I ignored them for a few hours, trying to understand this is what they do… this is “normal”. Can I continue to love them if they keep doing what is “normal”— attacking bunnies and my beautiful birds? That evening by the firepit, JJ climbed in my lap and sat watching the fire, content to be near me, Jinny sat with Tom— both so meek, unaware of their sordid conduct, but fully aware that we evidently still loved them.  JJ snuggled his head under the shelter of my arm.“You are forgiving and good, O Lord, abounding in love to all who call to you” (Psalm 86:5).

I know all analogies break down, but I sense affirmation of my Father’s unfailing love as I consider the kittens’ typical heartless actions in regard to my human, selfish “normal” ways.

The following  is a page from Reflections for Ragamuffins by Brennan Manning, p 125, 1997. Manning is a favorite writer on the love of Jesus!

“In the winter of 1968-69, I lived in a cave in the mountains of the Zaragosa Desert in Spain…

On the night of December 13, during what began as a long and lonely hour of prayer, I heard in faith Jesus Christ say, ‘For love of you, I left my Father’s side.
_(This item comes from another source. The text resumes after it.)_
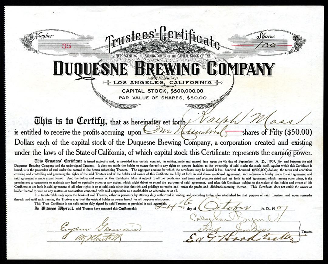 Los Angeles, California, 1907, I/U Stock, 100 Shares, #35, Black print with no border or vignette, VF condition. Duquesne Brewing Co. opened in 1908 and closed in 1909 it was open for 1 years. Since it was only open for a short period of time items for this brewery can be accurately dated and are likely to be rarer than normal As a Pre-Prohibition Brewery, any advertising items or collectibles are likely to be valuable and desirable to collectors as they tend to be hard to find. Duquesne Brewing Co. was in an active brewing city. Los Angeles, CA was listed as having 35 breweries, which is quite a few. Sometimes a large number of breweries can lead to an active collecting community that will be willing to pay more for breweriana items than other collectors.
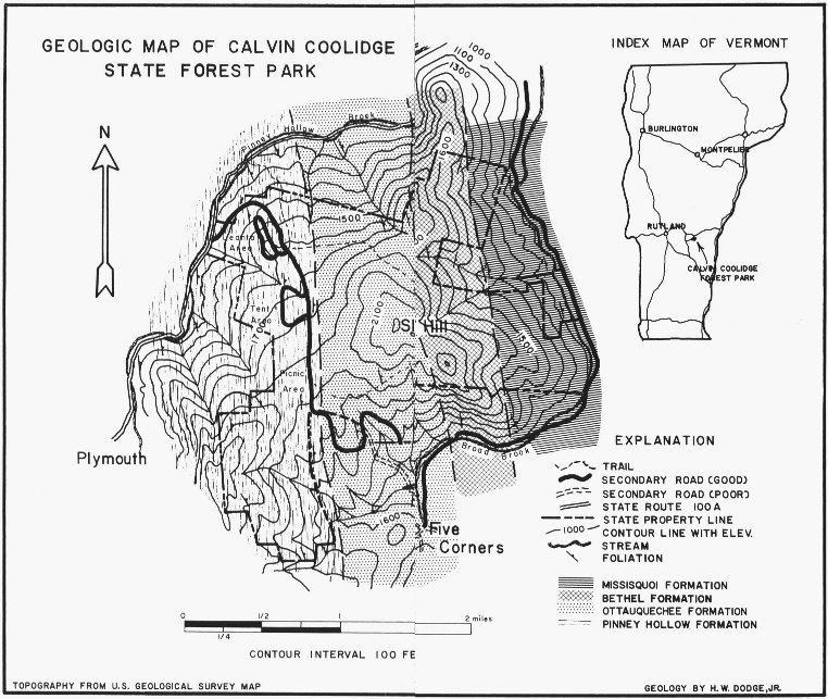 Each summer hundreds of eager campers, picnickers, hikers and sportsmen visit the Pinney Hollow-Bradley Hill recreational area of the Calvin Coolidge State Forest Park. This area is located a few miles north of Plymouth, Vermont, and is easily reached via State Route 100A from either Plymouth or Bridgewater Corners (See index map of Vermont, geological map). The excellent camping and recreational facilities coupled with the natural scenic beauty of this region provide many visitors with an irresistible urge to return, summer after summer, to this same spot. This pamphlet is designed for all those who visit Coolidge Forest Park and especially for those who possess questioning minds and a general desire to learn more about the world around them.

I came to you who ran from me, fled me, who did not want to hear my name. For love of you I was covered with spit, punched, beaten and affixed to the wood of the cross.’

These words are burned on my life. Whether I am in a state of grace or disgrace, elation or depression, that night of fire quietly burns on. I looked at the crucifix for a long time, figuratively saw the blood streaming from every pore of his body, and heard the cry of his wounds: ‘This isn’t a joke. It is not a laughing matter to me that I have loved you.’ The longer I looked, the more I realized that no man has ever loved me and no one ever could love me as he did. I went out of the cave, stood on the precipice and shouted into the darkness, “Jesus, are you crazy? Are you out of your mind to have loved me so much?” I learned that night what a wise old man had told me years earlier: ‘Only the one who has experienced it can know what the love of Jesus Christ is. Once you have experienced it, nothing else in the world will seem more beautiful or desirable.'”

“I have loved you with an everlasting love; I have drawn you with loving-kindness” (Jeremiah 31:3).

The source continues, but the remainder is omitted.